Degeneration of sympathetic and parasympathetic neurons along with inflammatory infiltrates within the ganglia have been appreciated.⁴⁹

Pathogenesis

The pathogenic basis for autonomic neuropathy is unknown but may be similar to DSPN.

Treatment

Pancreatic transplantation may stabilize or slightly improve autonomic function.¹⁷ In patients with symptomatic orthostatic hypotension, we try as many nonpharmacologic treatments as possible, including pressure stockings, small frequent meals, raising the head of the bed at night, and avoidance of alcohol. When drug treatment is required, we initiate treatment with fludrocortisone (starting at 0.1 mg BID) or midodrine (10 mg TID).⁴⁷ Pyridostigmine may also be helpful. It is important to note that asymptomatic standing time, rather than improvement in standing blood pressure, is the most important parameter to monitor. Nonsteroidal anti-inflammatory agents may also be of benefit. Metoclopramide is used to treat diabetic gastroparesis, while clonidine may help with persistent diarrhea. Sildenafil and other similar medications are used to treat erectile dysfunction.

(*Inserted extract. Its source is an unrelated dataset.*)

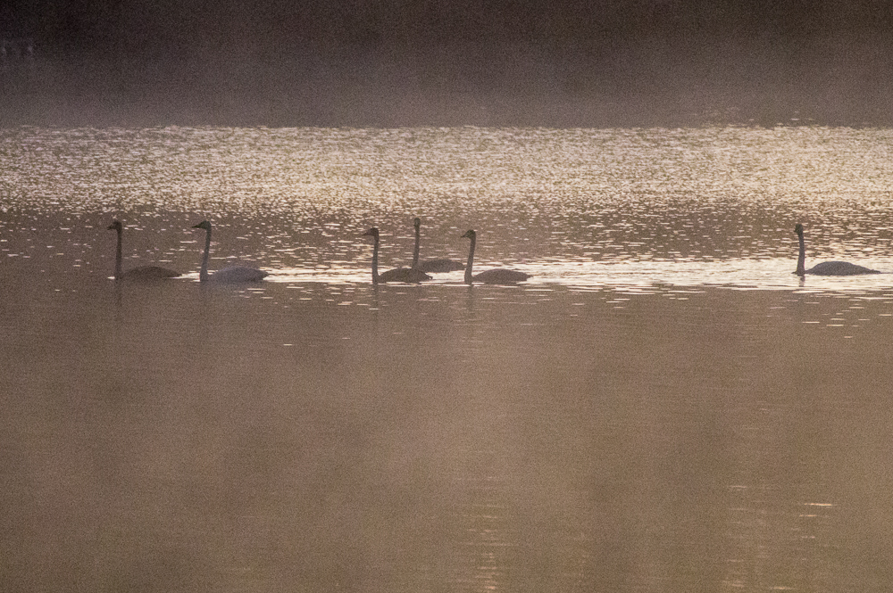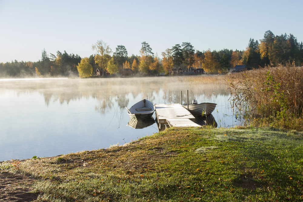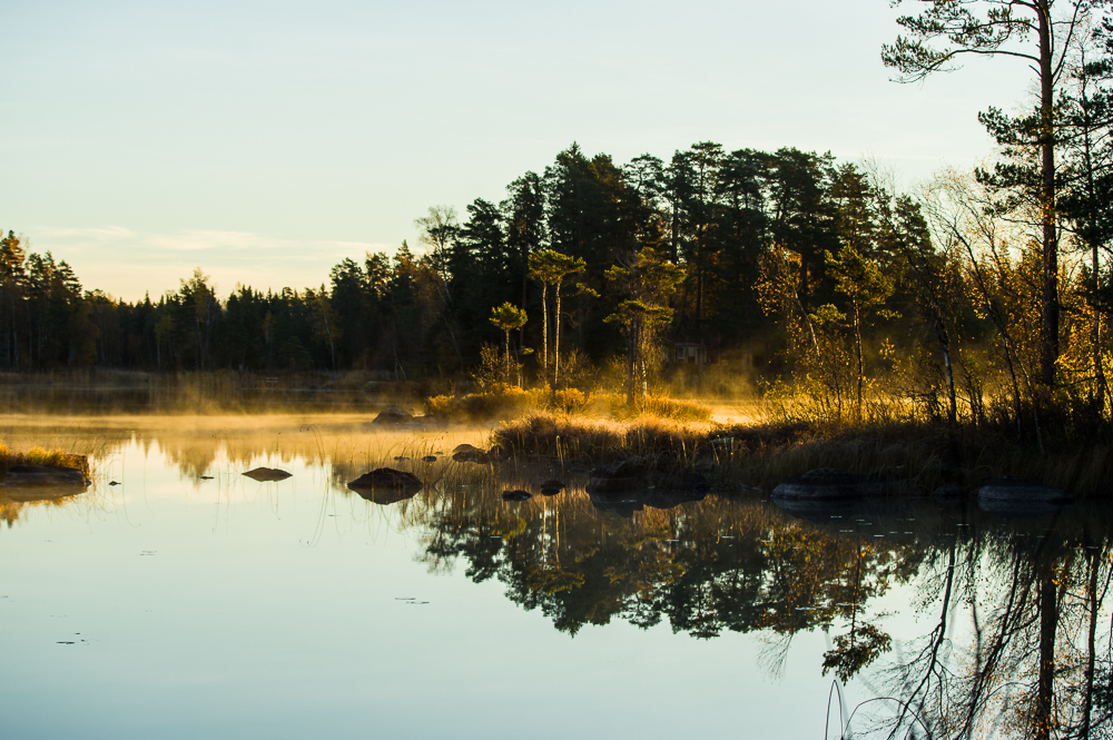 Kyliga morgnar kommer dimma och sjörök, fukten fastnar på grenar och nät. När solstrålarna äntligen bryter fram avslöjas gyllene vyer.

DIABETIC NEUROPATHIC CACHEXIA

Clinical Features

DNC is very rare but can be the presenting manifestation of DM.^51–53 This form of diabetic neuropathy is more common in men (usually associated with type 2 DM) than in women (most cases associated with type 1 DM) and generally occurs in their sixth or seventh decade of life. Patients with DNC develop an abrupt onset of severe generalized painful paresthesias involving the trunk and all four limbs, usually setting off significant precipitous weight loss. Mild sensory loss may be detected on examination along with reduced muscle stretch reflexes. Weakness and atrophy are evident in some patients. DNC tends to gradually improve spontaneously, usually preceded by recovery of the weight loss. Rarely, DNC can recur.

Laboratory Features

Cerebrospinal fluid (CSF) protein may be increased. SNAPs may be absent or have very low amplitudes.^51,52 Normal or slightly diminished compound muscle action potential (CMAP) amplitudes with mild slowing of conduction velocities can also be observed. Needle EMG typically demonstrates evidence of active denervation in the form of fibrillation potentials and positive waves in affected muscles.

Histopathology

Nerve biopsies demonstrate severe loss of large myelinated axons with relative sparing of small myelinated and unmyelinated fibers.⁵²

Pathogenesis

The pathogenic basis for the disorder is not known.

Treatment

Most patients improve spontaneously, with control over the DM within 1–3 years. Symptomatic treatment of the painful paresthesias is the same as that described for DSPN.

DIABETIC POLYRADICULOPATHY OR RADICULOPLEXUS NEUROPATHY

Two categories of diabetic radiculoplexus neuropathy can be made on the basis of clinical differences: (1) the more common asymmetric, painful, radiculoplexus neuropathy (i.e., diabetic amyotrophy) and (2) the rare symmetric, relatively painless, radiculoplexus neuropathy.⁵⁴ The latter form is controversial. It may represent chronic inflammatory demyelinating polyneuropathy (CIDP) in a patient with diabetes, a distinct form of diabetic neuropathy, or may just fall within the spectrum of diabetic amyotrophy.